A Strategy For Capital Gains: Treat All Taxpayers like the Secretary of the Treasury


Section 1043 of the Internal Revenue Code permits those appointed to high-level positions in the executive branch (not Congress or the Judiciary) a one-time tax-free capital gains rollover.

Individuals who must sell assets to comply with federal ethics laws are allowed to convert them into Treasury securities or shares in broad-based mutual funds. No tax applies to the transaction until the Treasury securities or mutual funds are sold. The underlying basis carries forward so that all accumulated gains are taxed unless they are held to death, at which point basis would be stepped up to market value.

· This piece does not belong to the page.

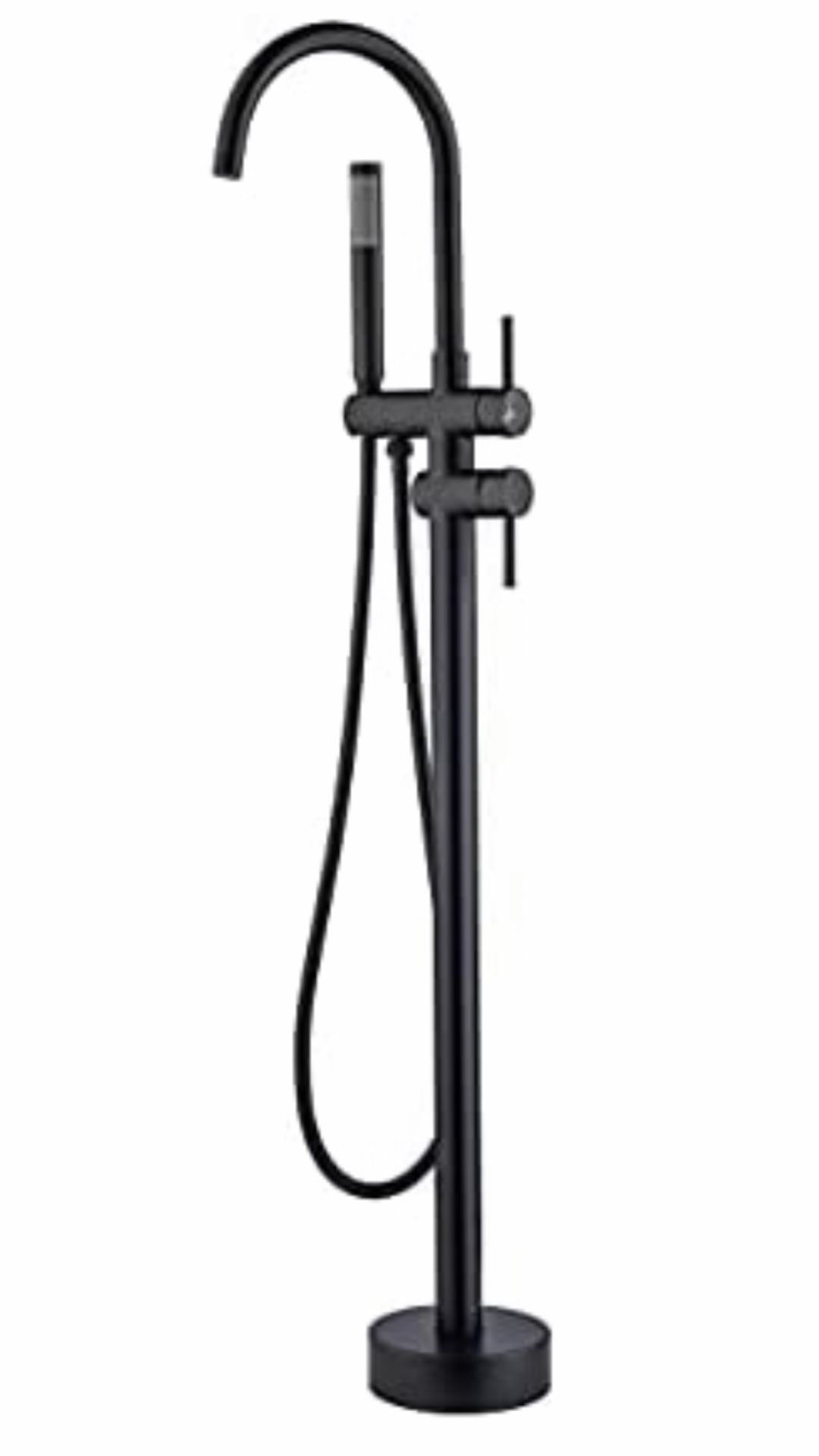 Freestanding bathtub faucet with two handles shower, bathroom tub filler, with swivel spout, floor mounted, matte black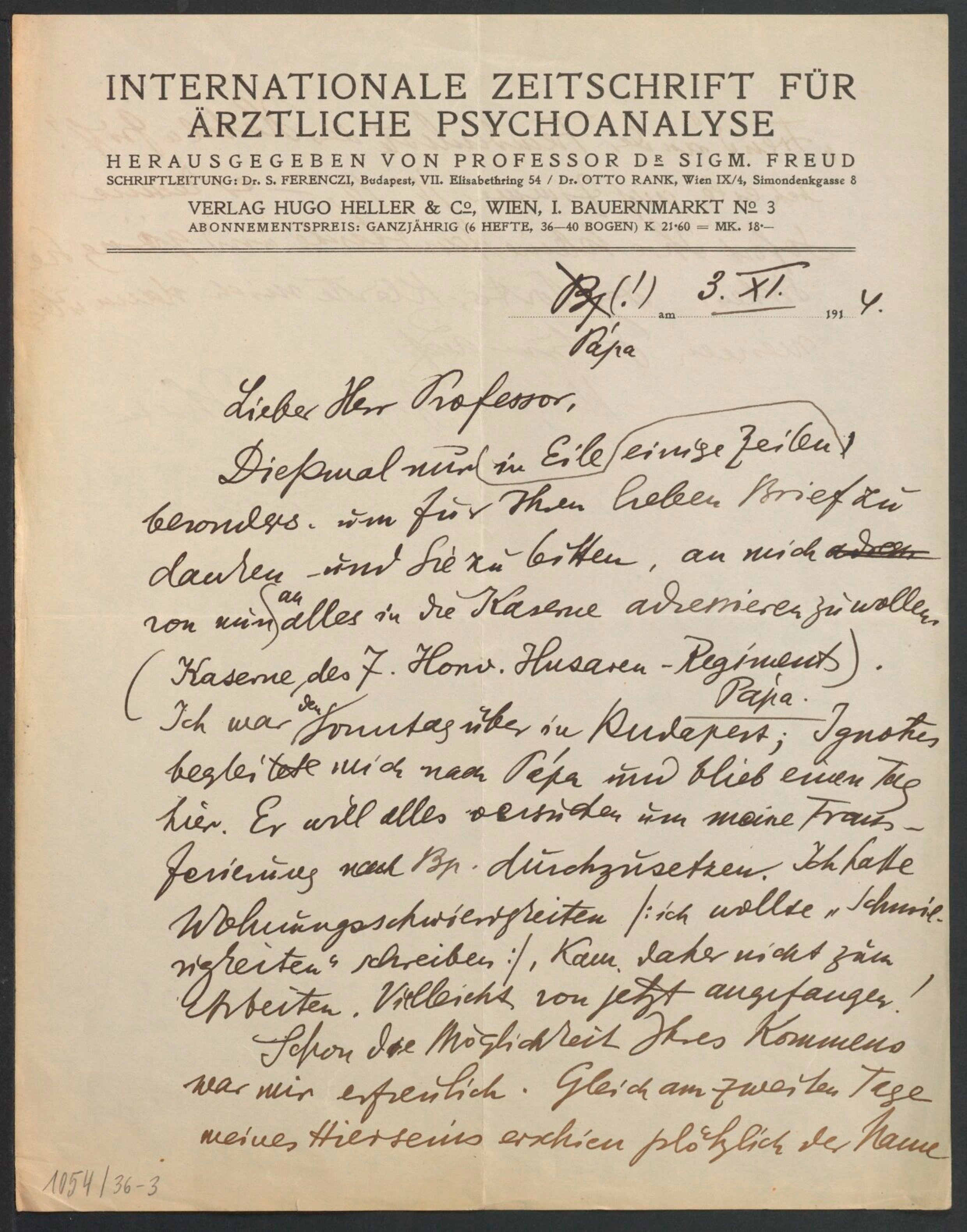 Freud, Sigmund, 1856-1939 [VerfasserIn] ; Ferenczi, Sándor, 1873-1933 [AdressatIn]

This provision was extraordinarily valuable to Robert Rubin and Henry Paulson, both of whom had hundreds of millions of dollars in unrealized capital gains in Goldman Sachs stock. When they were appointed secretary of the Treasury, they were able to realize all the gains on their stock shares, saving them tens of millions of dollars in taxes, and diversify their portfolios at the same time.

What I have always found interesting about this obscure provision of the tax law is that it recognizes a principle that ought to apply to all taxpayers. That principle is that reinvested capital gains ought not to be taxed; they should be taxed only when consumed. The way we tax capital gains now, it is more of a transactions tax than a tax on income, preventing people from being able to diversify their portfolios and leaving them locked into assets on which they have large gains.